§ **Required action**: For the entries below, say how many lines hold the word "when", with the number as the only reply.

§ **Data to process**:
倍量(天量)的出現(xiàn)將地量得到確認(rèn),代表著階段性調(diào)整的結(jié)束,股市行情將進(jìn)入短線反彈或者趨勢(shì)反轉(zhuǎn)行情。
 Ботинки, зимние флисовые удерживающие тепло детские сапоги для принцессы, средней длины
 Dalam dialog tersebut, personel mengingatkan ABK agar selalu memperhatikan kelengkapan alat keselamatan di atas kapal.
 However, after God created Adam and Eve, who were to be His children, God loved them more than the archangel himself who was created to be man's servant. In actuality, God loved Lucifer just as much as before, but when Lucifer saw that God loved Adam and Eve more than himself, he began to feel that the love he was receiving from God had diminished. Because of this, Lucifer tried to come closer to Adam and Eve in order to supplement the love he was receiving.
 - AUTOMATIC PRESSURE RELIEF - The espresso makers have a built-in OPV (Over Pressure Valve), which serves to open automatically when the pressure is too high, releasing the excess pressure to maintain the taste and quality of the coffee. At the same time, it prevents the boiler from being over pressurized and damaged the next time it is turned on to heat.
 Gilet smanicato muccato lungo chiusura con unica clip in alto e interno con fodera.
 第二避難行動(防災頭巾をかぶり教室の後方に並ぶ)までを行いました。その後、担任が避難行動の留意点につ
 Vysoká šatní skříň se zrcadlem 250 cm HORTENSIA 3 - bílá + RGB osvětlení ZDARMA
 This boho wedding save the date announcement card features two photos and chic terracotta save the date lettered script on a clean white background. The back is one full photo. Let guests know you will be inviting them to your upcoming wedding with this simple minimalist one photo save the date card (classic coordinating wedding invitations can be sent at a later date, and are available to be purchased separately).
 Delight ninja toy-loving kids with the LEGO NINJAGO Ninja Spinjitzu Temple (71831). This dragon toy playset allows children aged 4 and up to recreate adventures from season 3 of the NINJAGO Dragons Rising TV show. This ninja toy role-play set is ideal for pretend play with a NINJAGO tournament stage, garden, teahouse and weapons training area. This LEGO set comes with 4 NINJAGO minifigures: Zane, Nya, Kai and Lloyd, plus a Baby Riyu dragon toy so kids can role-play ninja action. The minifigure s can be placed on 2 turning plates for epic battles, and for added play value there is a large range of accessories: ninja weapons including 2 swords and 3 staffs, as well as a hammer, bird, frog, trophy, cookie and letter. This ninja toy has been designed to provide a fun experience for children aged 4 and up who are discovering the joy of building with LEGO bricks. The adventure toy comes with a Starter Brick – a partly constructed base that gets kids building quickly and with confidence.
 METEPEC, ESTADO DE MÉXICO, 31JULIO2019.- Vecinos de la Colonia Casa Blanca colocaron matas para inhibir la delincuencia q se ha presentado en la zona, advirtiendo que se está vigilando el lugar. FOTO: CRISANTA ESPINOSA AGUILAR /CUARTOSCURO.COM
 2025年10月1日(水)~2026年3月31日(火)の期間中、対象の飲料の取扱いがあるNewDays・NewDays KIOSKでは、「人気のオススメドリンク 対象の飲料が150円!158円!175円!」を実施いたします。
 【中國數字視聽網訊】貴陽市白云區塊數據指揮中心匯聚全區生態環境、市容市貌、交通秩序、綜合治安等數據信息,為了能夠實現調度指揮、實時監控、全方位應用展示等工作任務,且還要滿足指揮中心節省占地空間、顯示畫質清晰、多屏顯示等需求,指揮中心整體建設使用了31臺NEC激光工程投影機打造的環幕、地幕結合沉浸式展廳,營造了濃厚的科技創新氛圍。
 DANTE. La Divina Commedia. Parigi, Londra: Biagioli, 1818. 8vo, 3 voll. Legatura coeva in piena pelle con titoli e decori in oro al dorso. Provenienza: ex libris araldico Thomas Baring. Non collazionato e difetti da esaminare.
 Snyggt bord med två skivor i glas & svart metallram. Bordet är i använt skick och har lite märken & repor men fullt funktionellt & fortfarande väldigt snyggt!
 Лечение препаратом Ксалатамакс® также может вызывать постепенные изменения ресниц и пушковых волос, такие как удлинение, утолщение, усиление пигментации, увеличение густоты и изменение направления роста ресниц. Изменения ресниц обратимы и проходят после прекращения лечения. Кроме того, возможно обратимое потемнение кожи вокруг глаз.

§ **Exercise result**: 2